-- Opening Marker --

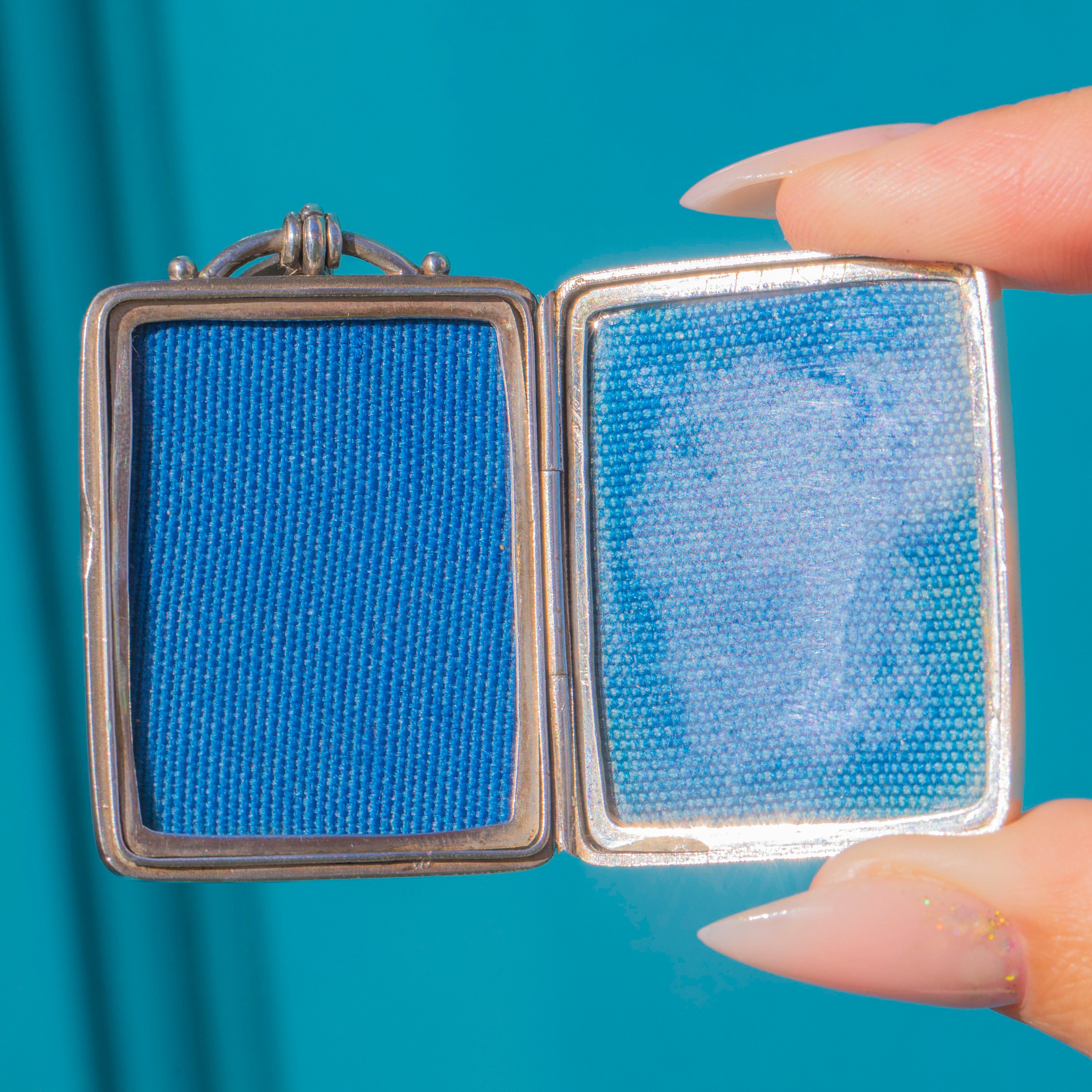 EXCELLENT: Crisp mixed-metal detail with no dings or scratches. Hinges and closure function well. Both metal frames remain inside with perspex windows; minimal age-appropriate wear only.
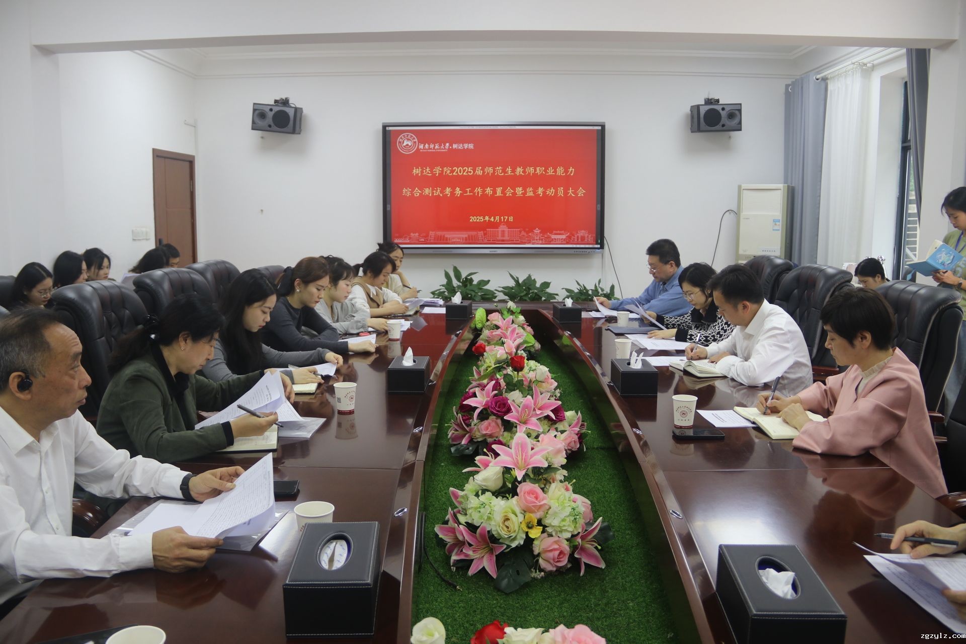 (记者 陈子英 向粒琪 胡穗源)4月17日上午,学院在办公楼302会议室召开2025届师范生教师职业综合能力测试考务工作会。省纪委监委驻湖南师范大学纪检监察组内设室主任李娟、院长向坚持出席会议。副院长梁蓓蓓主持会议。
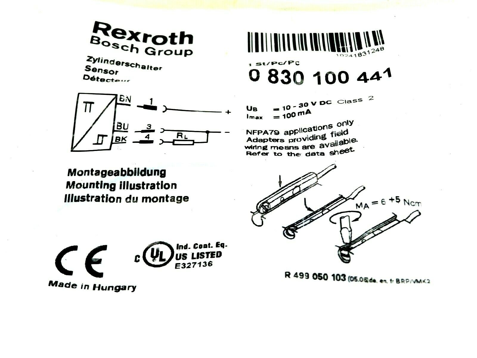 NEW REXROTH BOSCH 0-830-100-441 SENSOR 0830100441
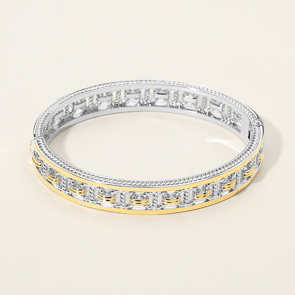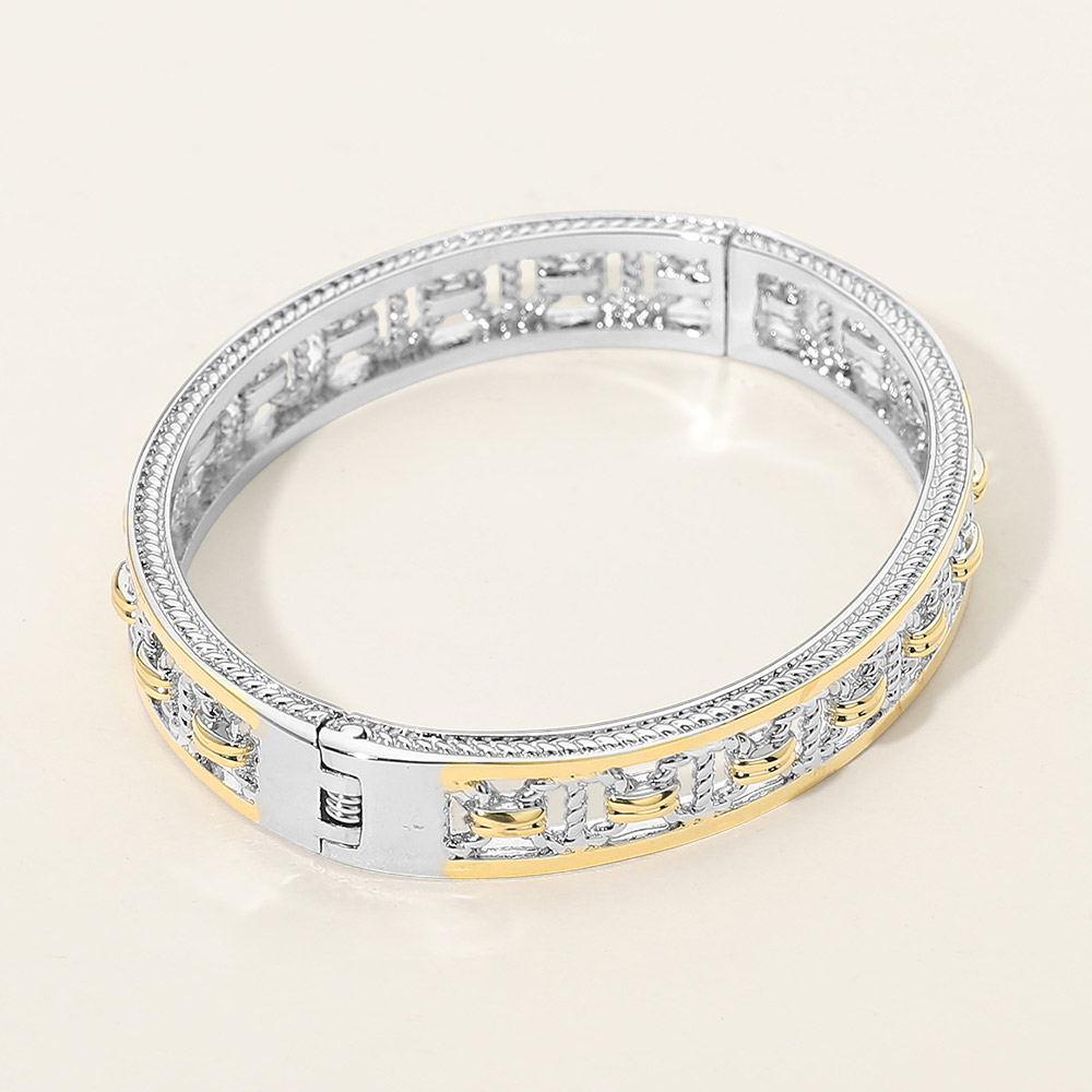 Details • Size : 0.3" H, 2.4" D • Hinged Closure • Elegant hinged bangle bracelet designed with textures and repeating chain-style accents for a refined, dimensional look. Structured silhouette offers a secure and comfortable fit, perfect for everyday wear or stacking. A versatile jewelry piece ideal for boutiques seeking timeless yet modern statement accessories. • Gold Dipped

-- Closing Marker --

**Assignment**: Omitting all pictures, retype exactly the lines from the line containing "(记者 陈子英 向粒琪" down to the last line above, both ends included.

**Reply**:
 (记者 陈子英 向粒琪 胡穗源)4月17日上午,学院在办公楼302会议室召开2025届师范生教师职业综合能力测试考务工作会。省纪委监委驻湖南师范大学纪检监察组内设室主任李娟、院长向坚持出席会议。副院长梁蓓蓓主持会议。
 NEW REXROTH BOSCH 0-830-100-441 SENSOR 0830100441
 Details • Size : 0.3" H, 2.4" D • Hinged Closure • Elegant hinged bangle bracelet designed with textures and repeating chain-style accents for a refined, dimensional look. Structured silhouette offers a secure and comfortable fit, perfect for everyday wear or stacking. A versatile jewelry piece ideal for boutiques seeking timeless yet modern statement accessories. • Gold Dipped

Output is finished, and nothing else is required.